Keywords

1 Introduction

Smart and connected technologies, such as multimodal sensing, Internet of Things (IoT), and artificial intelligence (AI), have demonstrated potential in transforming the landscape of manufacturing toward improved productivity and the overall well-being of the community in which manufacturers reside [1]. However, for many Small and Mid-Sized Manufacturers (SMMs), digital transformation presents a significant challenge due to the general lack of resources to support technology adoption. These factors negatively impact SMMs in their competitiveness for digitalization as the future of manufacturing calls for, reducing their resilience to machine performance fluctuation and supply chain disruptions, and affecting the pipeline for workforce training, talent development and retention, which are critical to the sustainability of the community [2, 3]. The Covid-19 pandemic has further underscored the vulnerability of a technologically ill-equipped community in today’s rapidly changing economy [4].

As data is increasingly considered one of the most important resources that a manufacturer can possess [5], one major concern in digital transformation for many SMMs is the lack of sufficient, quality data to build AI models for rational, data-driven decision-making.
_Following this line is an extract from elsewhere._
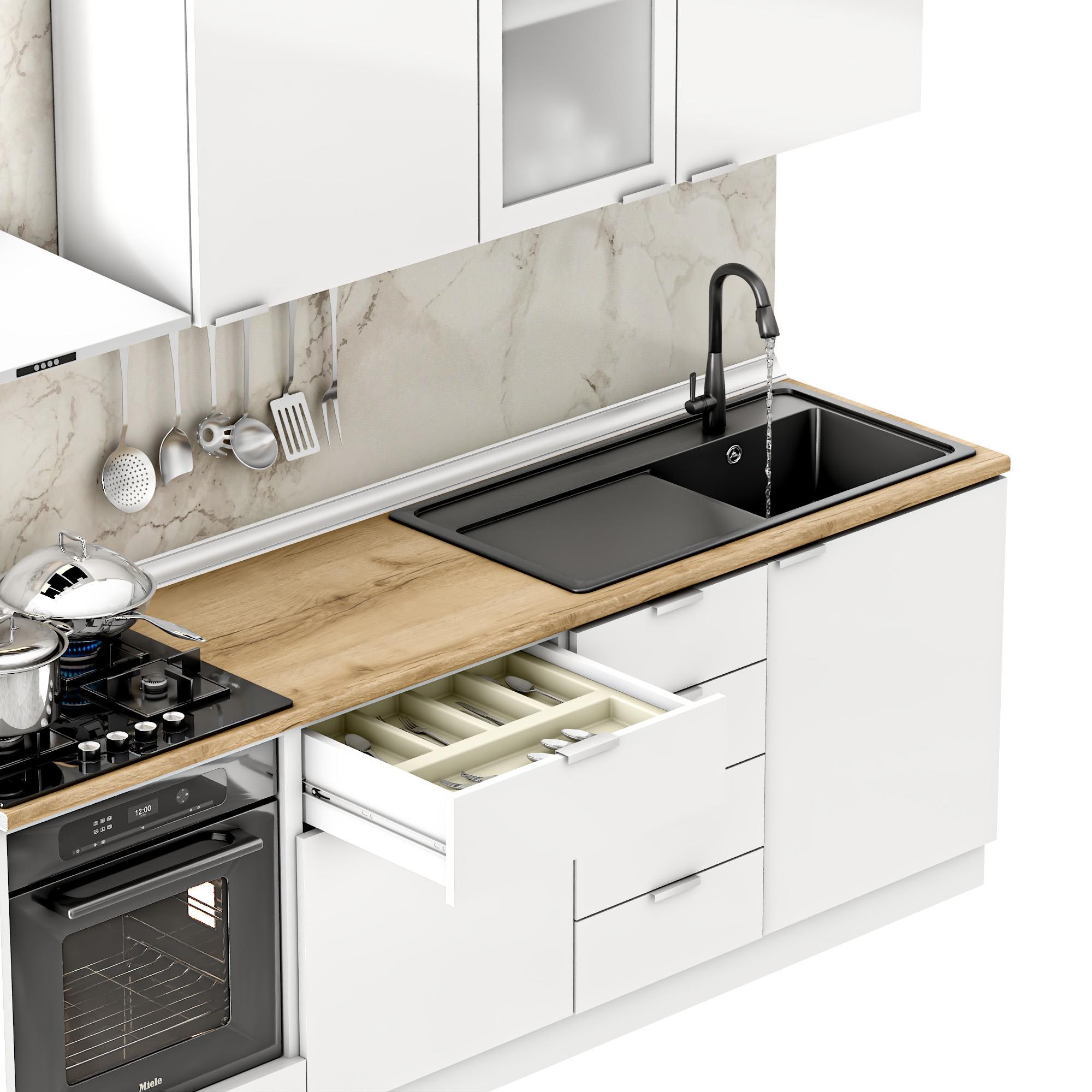 - Çatal-bıçak ve sofra takımlarından tavaya kadar her şeyi saklayabilirsiniz, çünkü bu kombinasyon hem çekmecelere hem de dolaplara sahiptir.

With the advancement of communication technologies such as IoT, researchers have begun to explore the feasibility of aggregating data from multiple data owners to jointly build AI models that overcomes the data limitation problem that each individual SMM is facing [6]. Compared to the traditional approach that relies on data from a single SMM, such a collaborative, data-sourcing approach is expected to overcome data quality issues that typically arise in siloed data scenarios, such as data imbalance and low data quantity, by utilizing the complementary information from multiple SMMs [7, 8]. The results are reduced production interruption for data collection, improved resource utilization, and more accurate and robust AI models to support the sustained growth of the SMMs in the community.
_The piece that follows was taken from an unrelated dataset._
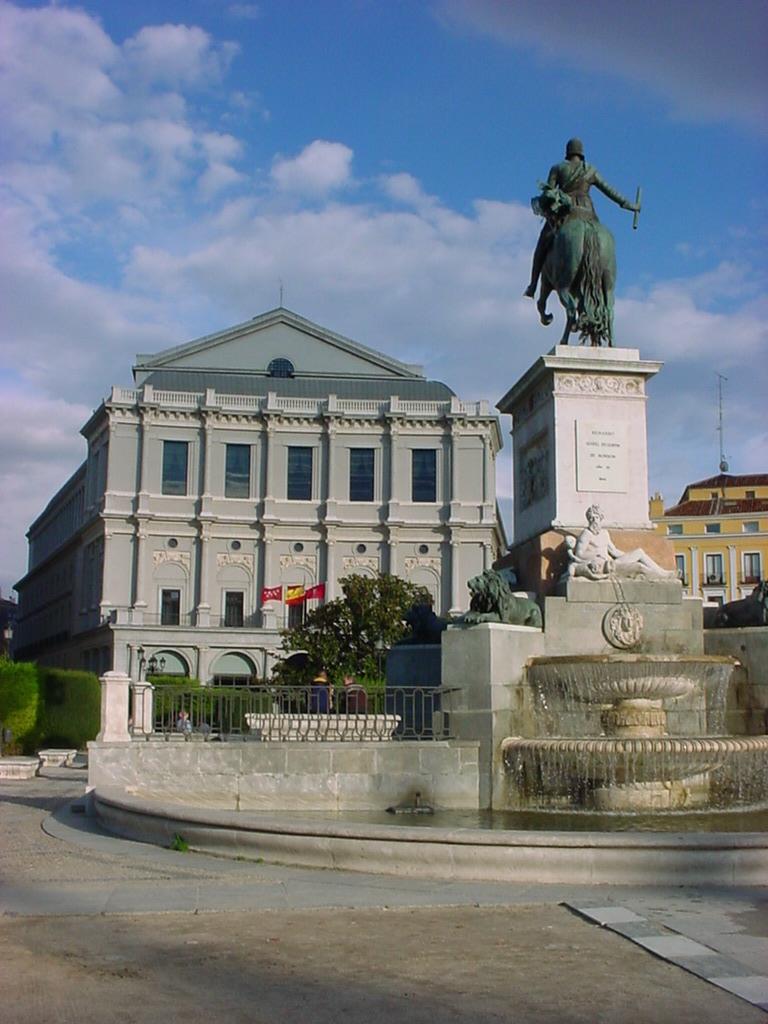 The Opera House, right across the way from the Royal Palace, with the equestrian statue of Philip IV. The statue was cast from a design by Velázquez and is said to be one of the finest pieces of sculpture in Madrid, although I personally preferred the statues of Don Quixote and company in Plaza España.

A major hurdle towards data-oriented collaboration is the concerns about data-privacy, as traditionally, proprietary data collected from individual data owners will need to be shared in a central server for data aggregation-enhanced model building. To overcome such concerns, techniques for transfer learning [9] and data synthesis [10] have been developed. Transfer learning first builds a model in a source domain (e.g., a SMM with high-quality data), before fine-tuning it using data from a target domain (e.g., another SMM) for adaptation and refinement [11]. It has been successfully implemented in applications such as human action recognition in human-robot collaboration (HRC) [12, 13] and machine condition monitoring [14, 15]. In comparison, data synthesis aims to learn data distribution and synthesize new data samples to increase data quantity and reduce imbalance. Recent development of generative adversarial network (GAN) has improved data synthesis capability by using a pair competing networks, one for improving synthesis quality and the other for distinguishing real data from synthetic data [10]. The two ultimately reach an equilibrium point for high-fidelity data synthesis. The effectiveness of GAN has been demonstrated for machine condition monitoring [16,17,18].
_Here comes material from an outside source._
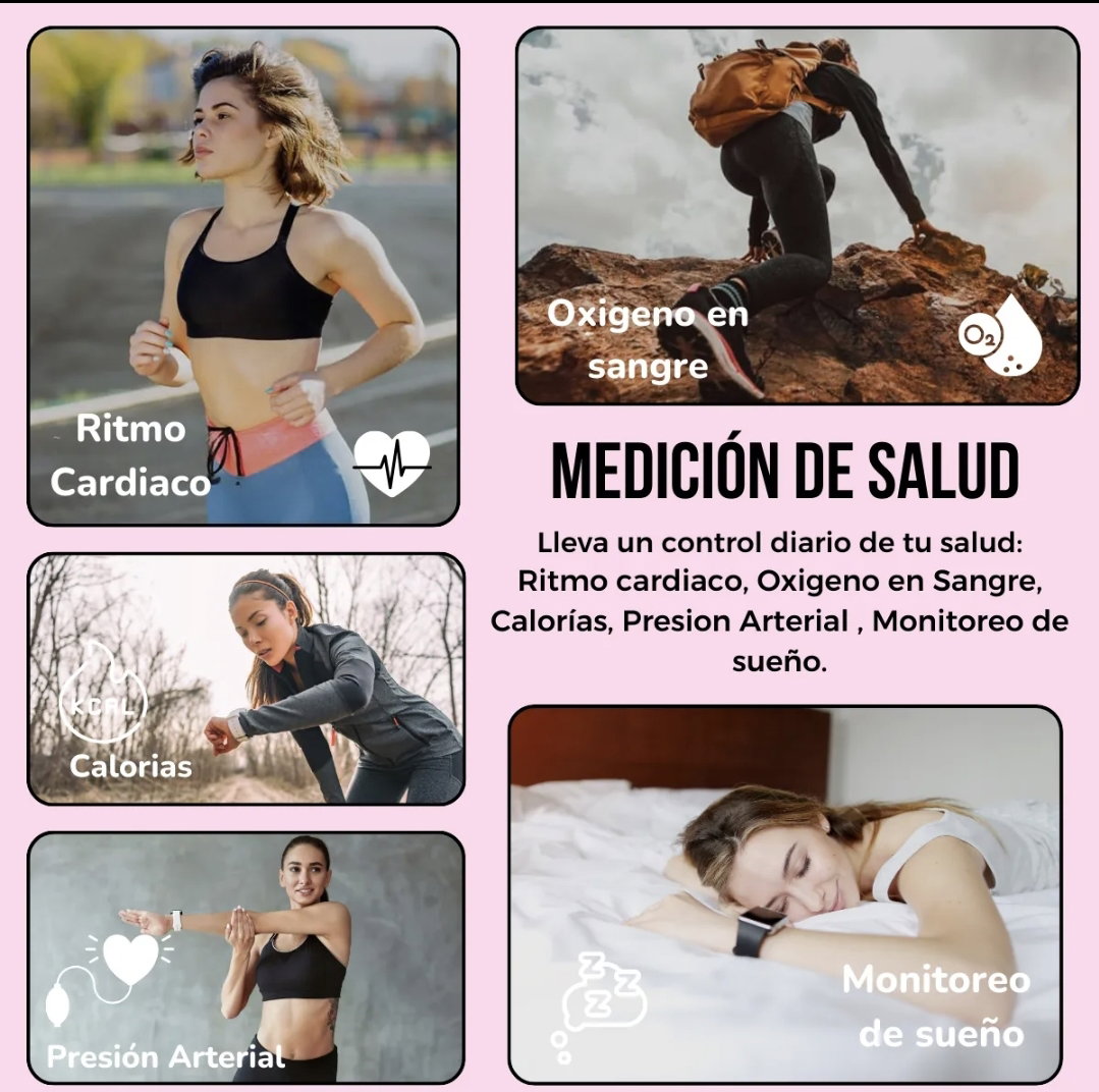 -Monitorea tu salud: Ritmo cardĂaco, presiĂłn arterial, oxĂgeno en sangre y sueño.

Despite the progress, both methods have their limitations. For example, a data model can be SMM-specific and not suited for deployment to different SMMs without substantial modification that still does not guarantee successful model transfer [9]. As a result, when the number of SMMs becomes large, this method becomes computationally inefficient. In addition, training of GAN requires that the available data samples have the same distribution as the underlying data distribution, which is difficult to guarantee if the data quantity is small [18].

To address this problem, federated learning [19] is investigated in this paper. In federated learning, each SMM contributes to the construction of a global data model by computing a local update of relevant model parameters using its own data. The local updates from multiple SMMs are then aggregated by a central server for the training of the global model. Since only the updated parameters of the global model instead of the data themselves are shared during the model update process, data privacy is preserved. In addition, as information from all the participating SMMs is utilized during the model training process, the global model is SMM-independent. Furthermore, federated learning does not impose restrictions on quantity, level of imbalance, or the distribution characteristic of the data being utilized, it is well-suited for real-world scenarios where none of these restrictions can be assumed. Recently, research on federated learning for machine condition monitoring has been reported [20,21,22]. However, these studies focused on a relatively small number of participating data owners (\(\le \) 10). In addition, since each of the data owners has full control of its data, it is possible that the data from a data owner may not participate during the iteration process of federated learning in realistic settings (e.g., due to scheduling conflict), leading to partial participation. Such partial participation has not been investigated in these prior efforts [20,21,22].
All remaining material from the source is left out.